DATA EXCERPT:
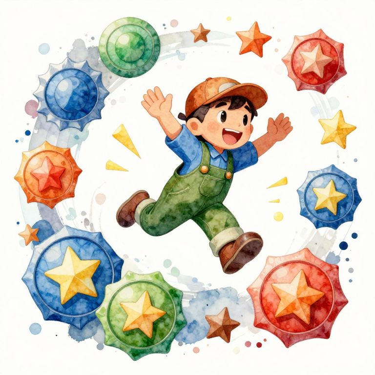 The image is a vibrant watercolor illustration featuring a dynamic scene of a game character in mid-air, leaping across a series of colorful badges, stars, and points. The character, dressed in a blue shirt, green overalls, and a brown cap, is depicted with a joyful expression, arms raised and legs bent, suggesting a sense of excitement and movement. Surrounding the character are various badges in shades of blue, green, and red, scattered across the scene, adding a playful and whimsical atmosphere. Interspersed among the badges are stars in hues of orange, yellow, and brown, each varying in size and shape, contributing to the lively and energetic feel of the artwork. The background is a mix of dark and light shades, with splashes of paint and ink, creating a sense of depth and dynamism. The overall composition is balanced, with the character centrally positioned, drawing the viewer's eye through the colorful elements, creating a sense of motion and adventure.
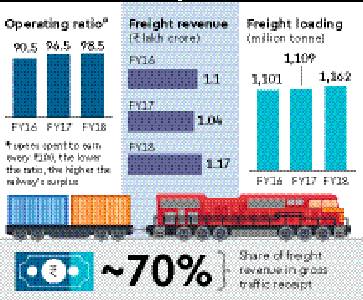 Some Rs 7,300 crore the Indian Railways got as advance freight from bulk consumers and as proceeds of land monetisation from fellow PSUs enabled it to avoid reporting a deficit in FY18. It reported an operating ratio (OR) of 98.5 for the last financial year, as against the revised estimate (RE) of 96 announced when the general Budget was presented, but the OR would have been even worse at 104 or thereabouts had these ‘advances’ were not factored in.
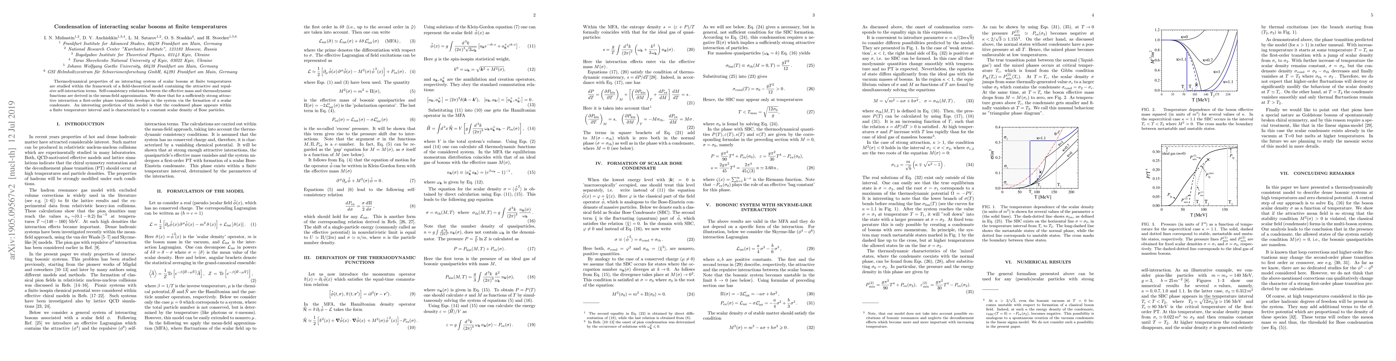 This paper investigates the thermodynamic properties of interacting scalar bosons at finite temperatures, revealing a first-order phase transition leading to a scalar condensate due to strong attractive interactions. The study predicts a finite temperature interval where the condensed phase maintains a constant scalar density.
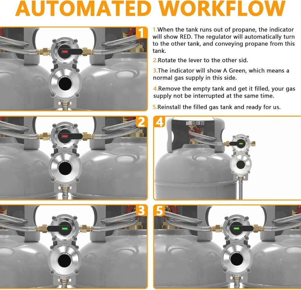 Reliable 2-Stage Propane Regulator & Hoses for RV/Camping - Uninterrupted Supply ‹ › ‹ › ‹ › ‹ › ‹ › ‹ › ‹ › ‹ › ‹ › ‹ › Reliable 2-Stage Propane Regulator & Hoses for RV/Camping Uninterrupted Supply Upgrade your outdoor experience with our 2-Stage RV Propane Regulator, ensuring a seamless and consistent gas supply for all your cooking, heating, and more. Features: Automatic Changeover: Connect up to 2 propane tanks, automatically switching from primary to reserve to maintain an uninterrupted flow. Easy Monitoring: Indicator light turns red to alert when propane needs to be refilled; equipped with a dial gauge that glows in the dark for easy reading. Durable & Weather-Resistant: Made from stainless steel braided hoses for superior durability, anti-aging, and heat-resistant performance. Specifications: Master Cylinder Capacity of 210,000 BTU/Hour; Reserve Cylinder at 130,000 BTU/Hour; constructed with 100% solid brass fittings. Wide Compatibility: Suitable for RVs with dual propane tanks, ensuring safe and reliable gas supply for all your propane-powered devices. Benefits: Reliable and constant gas pressure enhances the efficiency of your appliances. Seamless switching between tanks provides peace of mind while on the road. Easy installation, compatible with a range of propane tanks from 5-40 lbs. Peaceful camping experiences without worries about running out of propane unexpectedly. Why choose our Reliable 2-Stage Propane Regulator? Elevate your RV adventures with the ultimate peace of mind. Our 2-Stage Auto Changeover LP Propane Gas Regulator serves as your trusted companion, expertly designed to ensure your propane supply is both secure and efficient. Its robust materials stand the test of outdoor environments while providing you with user-friendly features. Don’t compromise on the reliability of your RV’s gas supply. Embrace convenience and safety; order your 2-Stage Propane Regulator and Hoses today! Package Includes: 1 PC 2 Stage Auto Changeover RV LP Propane Regulator 2 Pack 18'' Stainless Braided QCC1 1/4" Inverted Male Flare RV Pigtail Propane Hoses with Gauge 1 Roll Sealing Tape 1 Wrench Shipping Free & Fast Shipping - We offer free shipping to most of the USA with a normal delivery time of 3-7 days. However, due to the current situation, additional delivery time (up to 3 weeks) may be required for some items. Alternative Carriers - We may use alternative carriers (e.g. USPS, FedEx, UPS, etc.) to ensure your package arrives safely and on time. Due to the use of multiple carriers, we are unable to provide a tracking number automatically. Handling Time - Orders are processed and shipped within 1-2 business days of receiving cleared payment. Shipping Restrictions - Shipping to Alaska, Hawaii, Puerto Rico, Guam, and other US territories may incur shipping charges or delivery restrictions. Please contact us before ordering, or your order can be refunded/cancelled. State Restrictions - There may be restrictions based on your state of purchase. For example, certain items may not be shipped to California due to state regulations. Contact for Tracking Updates - If you require tracking updates or have any concerns about the delivery of your order, please feel free to contact us, and we will be happy to assist you. Return Please see our eBay Return Policy. Thank you. Payment We accept all major credit cards, PayPal, and Apple Pay for your convenience. Your payment information is secure and encrypted to ensure a safe and seamless transaction. Please complete your payment within 3 days of purchase to avoid any delays in shipping. Feedback Your feedback is extremely important to us. We strive to provide the best products and customer service possible. If you are satisfied with your purchase, please take a moment to leave us a positive review. If you have any concerns or issues with your order, please contact us before leaving negative feedback. We are committed to resolving any problems and ensuring your satisfaction. Contact Us If you have any questions or concerns, please feel free to reach out to our customer support team. You can contact us through the eBay messaging system. We are available Monday to Friday, 9:00 am to 5:00 pm EST, and we will do our best to respond to your inquiry within 24 hours. Thank you for supporting our small family business! Manufacturer Part Number: RV Propane Regulator UPC: Not Set MPN: Not Set Unit Quantity: 2.66 Brand: Unbranded Part Type: Accessories Country/Region of Manufacture: Not Set Warranty: 1 Year Unit Type: lb

WORK ORDER: Only the pictures are to be left out; copy all the remaining material above exactly.

SOLUTION FOR THIS PROBLEM:
 The image is a vibrant watercolor illustration featuring a dynamic scene of a game character in mid-air, leaping across a series of colorful badges, stars, and points. The character, dressed in a blue shirt, green overalls, and a brown cap, is depicted with a joyful expression, arms raised and legs bent, suggesting a sense of excitement and movement. Surrounding the character are various badges in shades of blue, green, and red, scattered across the scene, adding a playful and whimsical atmosphere. Interspersed among the badges are stars in hues of orange, yellow, and brown, each varying in size and shape, contributing to the lively and energetic feel of the artwork. The background is a mix of dark and light shades, with splashes of paint and ink, creating a sense of depth and dynamism. The overall composition is balanced, with the character centrally positioned, drawing the viewer's eye through the colorful elements, creating a sense of motion and adventure.
 Some Rs 7,300 crore the Indian Railways got as advance freight from bulk consumers and as proceeds of land monetisation from fellow PSUs enabled it to avoid reporting a deficit in FY18. It reported an operating ratio (OR) of 98.5 for the last financial year, as against the revised estimate (RE) of 96 announced when the general Budget was presented, but the OR would have been even worse at 104 or thereabouts had these ‘advances’ were not factored in.
 This paper investigates the thermodynamic properties of interacting scalar bosons at finite temperatures, revealing a first-order phase transition leading to a scalar condensate due to strong attractive interactions. The study predicts a finite temperature interval where the condensed phase maintains a constant scalar density.
 Reliable 2-Stage Propane Regulator & Hoses for RV/Camping - Uninterrupted Supply ‹ › ‹ › ‹ › ‹ › ‹ › ‹ › ‹ › ‹ › ‹ › ‹ › Reliable 2-Stage Propane Regulator & Hoses for RV/Camping Uninterrupted Supply Upgrade your outdoor experience with our 2-Stage RV Propane Regulator, ensuring a seamless and consistent gas supply for all your cooking, heating, and more. Features: Automatic Changeover: Connect up to 2 propane tanks, automatically switching from primary to reserve to maintain an uninterrupted flow. Easy Monitoring: Indicator light turns red to alert when propane needs to be refilled; equipped with a dial gauge that glows in the dark for easy reading. Durable & Weather-Resistant: Made from stainless steel braided hoses for superior durability, anti-aging, and heat-resistant performance. Specifications: Master Cylinder Capacity of 210,000 BTU/Hour; Reserve Cylinder at 130,000 BTU/Hour; constructed with 100% solid brass fittings. Wide Compatibility: Suitable for RVs with dual propane tanks, ensuring safe and reliable gas supply for all your propane-powered devices. Benefits: Reliable and constant gas pressure enhances the efficiency of your appliances. Seamless switching between tanks provides peace of mind while on the road. Easy installation, compatible with a range of propane tanks from 5-40 lbs. Peaceful camping experiences without worries about running out of propane unexpectedly. Why choose our Reliable 2-Stage Propane Regulator? Elevate your RV adventures with the ultimate peace of mind. Our 2-Stage Auto Changeover LP Propane Gas Regulator serves as your trusted companion, expertly designed to ensure your propane supply is both secure and efficient. Its robust materials stand the test of outdoor environments while providing you with user-friendly features. Don’t compromise on the reliability of your RV’s gas supply. Embrace convenience and safety; order your 2-Stage Propane Regulator and Hoses today! Package Includes: 1 PC 2 Stage Auto Changeover RV LP Propane Regulator 2 Pack 18'' Stainless Braided QCC1 1/4" Inverted Male Flare RV Pigtail Propane Hoses with Gauge 1 Roll Sealing Tape 1 Wrench Shipping Free & Fast Shipping - We offer free shipping to most of the USA with a normal delivery time of 3-7 days. However, due to the current situation, additional delivery time (up to 3 weeks) may be required for some items. Alternative Carriers - We may use alternative carriers (e.g. USPS, FedEx, UPS, etc.) to ensure your package arrives safely and on time. Due to the use of multiple carriers, we are unable to provide a tracking number automatically. Handling Time - Orders are processed and shipped within 1-2 business days of receiving cleared payment. Shipping Restrictions - Shipping to Alaska, Hawaii, Puerto Rico, Guam, and other US territories may incur shipping charges or delivery restrictions. Please contact us before ordering, or your order can be refunded/cancelled. State Restrictions - There may be restrictions based on your state of purchase. For example, certain items may not be shipped to California due to state regulations. Contact for Tracking Updates - If you require tracking updates or have any concerns about the delivery of your order, please feel free to contact us, and we will be happy to assist you. Return Please see our eBay Return Policy. Thank you. Payment We accept all major credit cards, PayPal, and Apple Pay for your convenience. Your payment information is secure and encrypted to ensure a safe and seamless transaction. Please complete your payment within 3 days of purchase to avoid any delays in shipping. Feedback Your feedback is extremely important to us. We strive to provide the best products and customer service possible. If you are satisfied with your purchase, please take a moment to leave us a positive review. If you have any concerns or issues with your order, please contact us before leaving negative feedback. We are committed to resolving any problems and ensuring your satisfaction. Contact Us If you have any questions or concerns, please feel free to reach out to our customer support team. You can contact us through the eBay messaging system. We are available Monday to Friday, 9:00 am to 5:00 pm EST, and we will do our best to respond to your inquiry within 24 hours. Thank you for supporting our small family business! Manufacturer Part Number: RV Propane Regulator UPC: Not Set MPN: Not Set Unit Quantity: 2.66 Brand: Unbranded Part Type: Accessories Country/Region of Manufacture: Not Set Warranty: 1 Year Unit Type: lb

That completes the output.